Two undersea cables in Baltic Sea disrupted

Attribution and Intent

  • Many commenters see repeated Baltic cable and pipeline incidents as likely Russian sabotage or “hybrid warfare,” often citing:
    • Prior reports of Russian “research/fishing” vessels scouting cables and wind farms.
    • The pattern of multiple recent Baltic incidents and a Chinese‑Russian ship dragging an anchor over several assets.
  • Others caution against premature conclusions:
    • Cable breaks are common globally (~200/year mentioned).
    • Anchors and fishing gear are a known cause; single or clustered failures may still be accidental.
    • Some suggest this could be “testing the waters” by any actor, not necessarily Russia.

Escalation, Deterrence, and International Law

  • Debate over how NATO/EU should respond:
    • Range of proposals: more surveillance, escort/expulsion of suspicious ships, legal/financial retaliation, arming Ukraine more, up to treating deliberate cable cutting as an act of war.
    • Strong concern about nuclear escalation and legal limits in international waters (UNCLOS); boarding or firing on foreign vessels is tightly constrained.
  • Several frame this as part of long‑running Russian intimidation and hybrid warfare (jets, jamming, assassinations, depot explosions), arguing appeasement invites more.

Technical and Operational Aspects

  • Discussion of how easy it is to:
    • Cut cables (anchors, trawls, specialized subs) vs. defend them (oceans are vast; defenders are at cost disadvantage).
    • Detect and localize breaks (time‑domain reflectometry, repeaters).
  • Cables are often co‑located; one dragged anchor can cut several. Burying is feasible only in shallow/coastal sections and is expensive.
  • Hetzner and others report only latency increases, showing redundancy is working but with performance degradation.

Resilience and Alternatives

  • Suggestions include:
    • More physical redundancy (extra cables, land routes like via Denmark/Sweden or the Channel Tunnel).
    • Satellite/mesh options (Starlink, ham‑radio networks), though commenters doubt their capacity or wartime robustness vs. fiber.
    • Hardening critical infrastructure and increasing munitions and defense spending in Europe.

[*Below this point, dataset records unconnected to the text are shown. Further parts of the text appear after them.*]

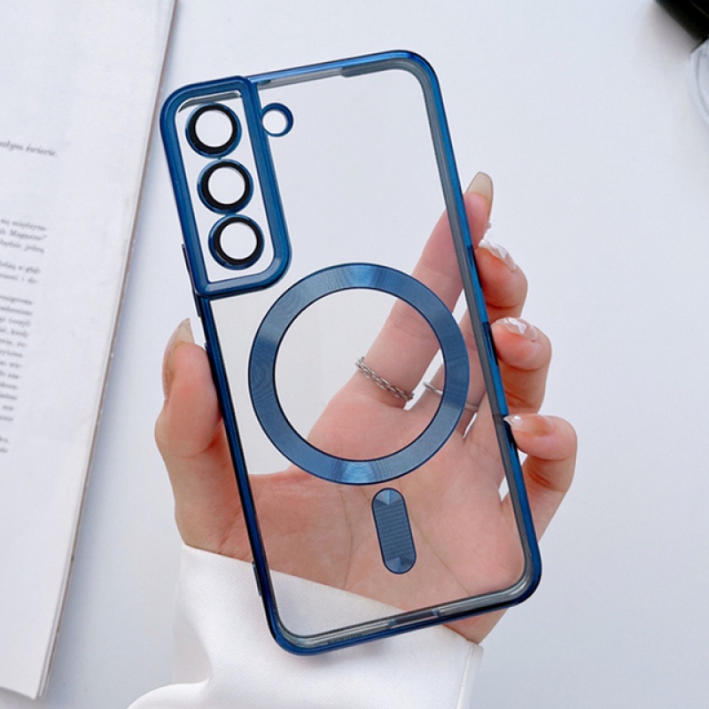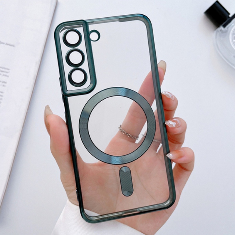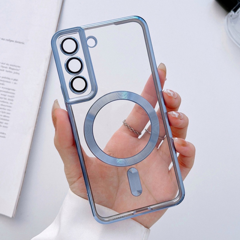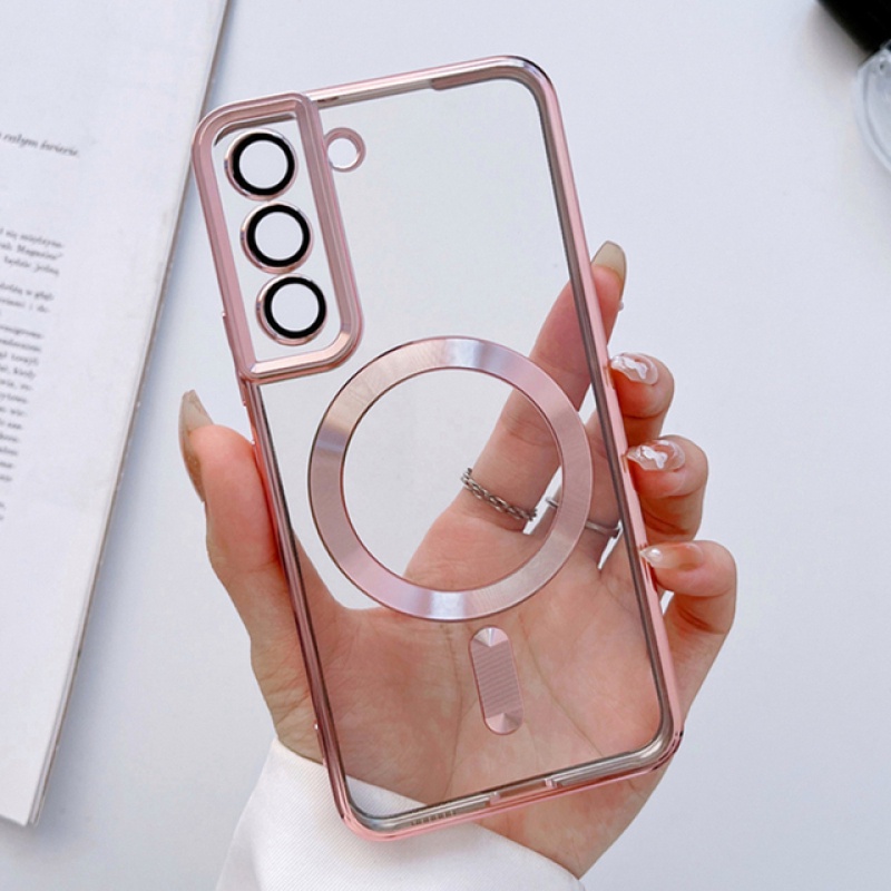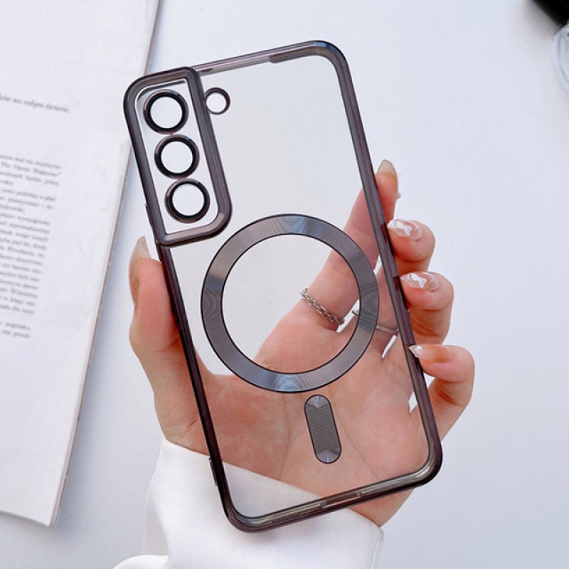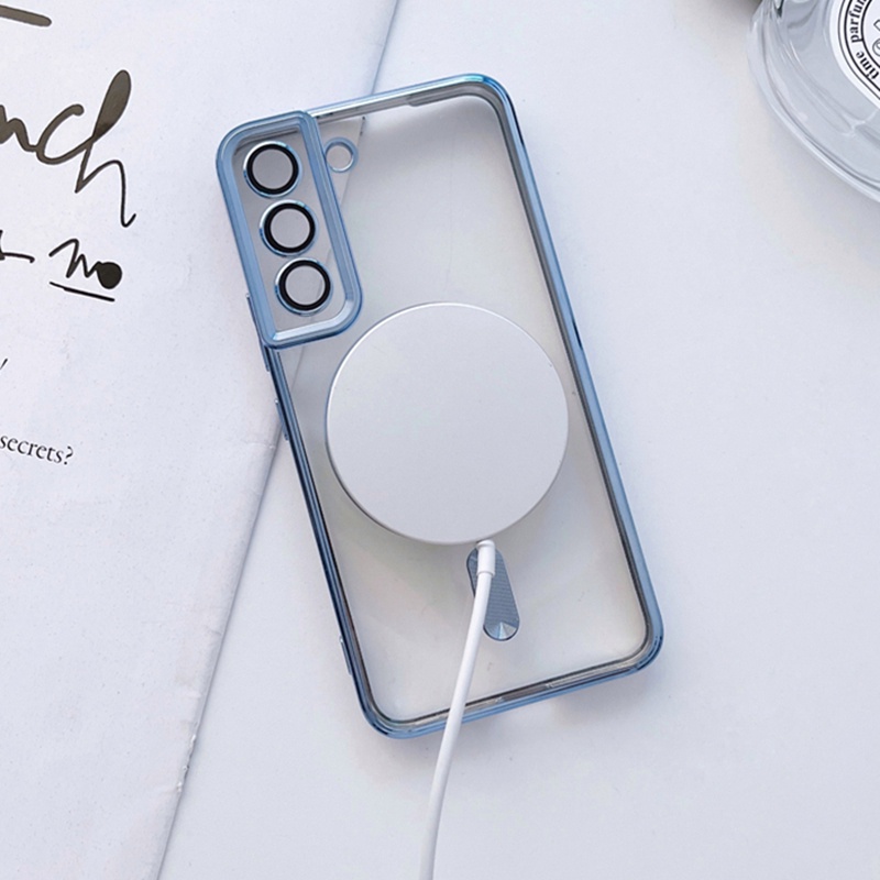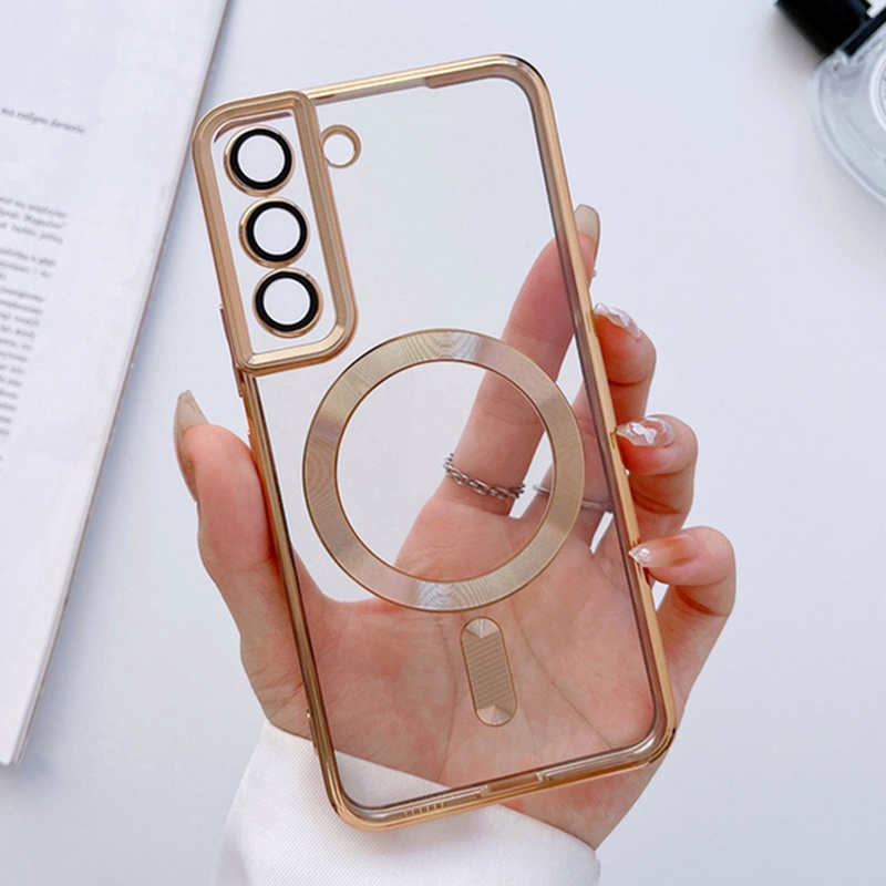 Luxo Chapeamento Transparente Magnético Caso De Carga Sem Fio Para Samsung Galaxy S25 Ultra S24 S23 S22 Plus Silicone Ma
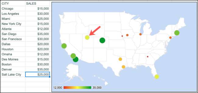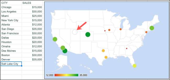 Lucru frumos despre diagrama hărții din Google Foile este că puteți adăuga sau elimina automat datele din foaie și actualizările diagramei.
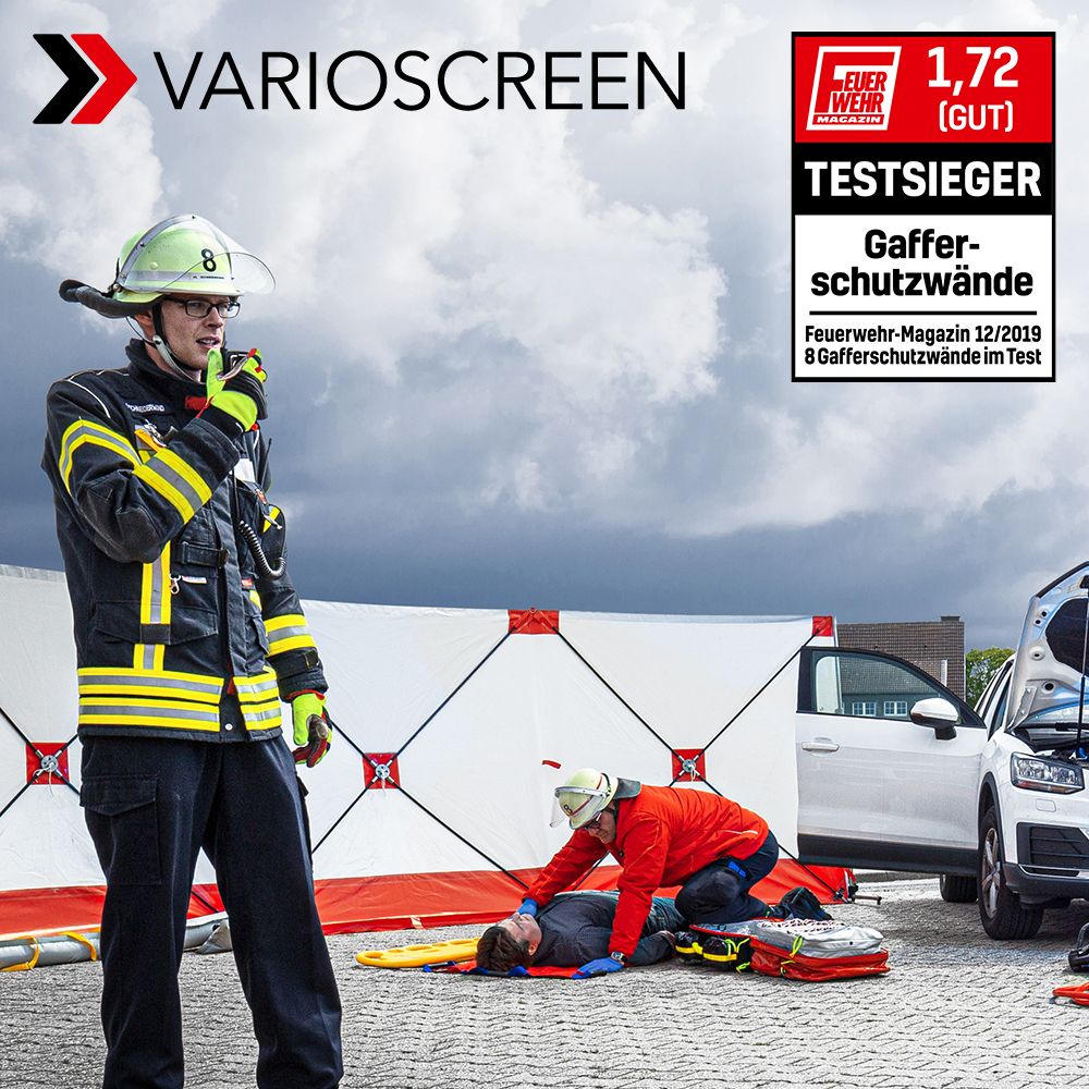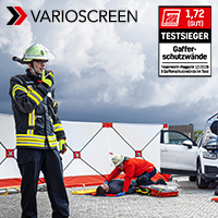 Die zu 100 % blickdichte Sichtschutzwand VarioScreen schirmt Rettungsteams bei Einsätzen vor Störungen durch aufdringliche Gaffer ab, erhält die Privatsphäre von Betroffenen und überzeugt selbst unter schwierigen Einsatzbedingungen. Denn der VarioScreen ist kompakt und leicht im Handling und von nur einem Helfer ganz einfach aufzubauen. Der Sichtschutz besteht aus stabilem Fiberglas-Gestänge mit extrem beanspruchbarem Polyestertuch und ist mit wenigen Handgriffen sekundenschnell standfest aufgestellt. Mit extra-robusten Reißverschluss-Anschlüssen lässt sich der Sichtschutz von 7 auf 14 Meter oder mehr verlängern. Zusammengefaltet ist der VarioScreen in robusten Tragetaschen auf kleinstem Raum lagerbar.

Nord Stream and Broader Geopolitics

  • Nord Stream sabotage is repeatedly referenced:
    • Some still claim Russia did it; others point to reporting implicating Ukrainian actors and note investigations remain officially inconclusive.
  • Large sub‑thread on the Ukraine war:
    • Arguing whether more Western aid shortens or prolongs the conflict.
    • Whether the West is “weak” or prudently avoiding WWIII.
    • Consensus that Russia’s invasion was unjustified, but sharp disagreement on optimal Western strategy and risk tolerance.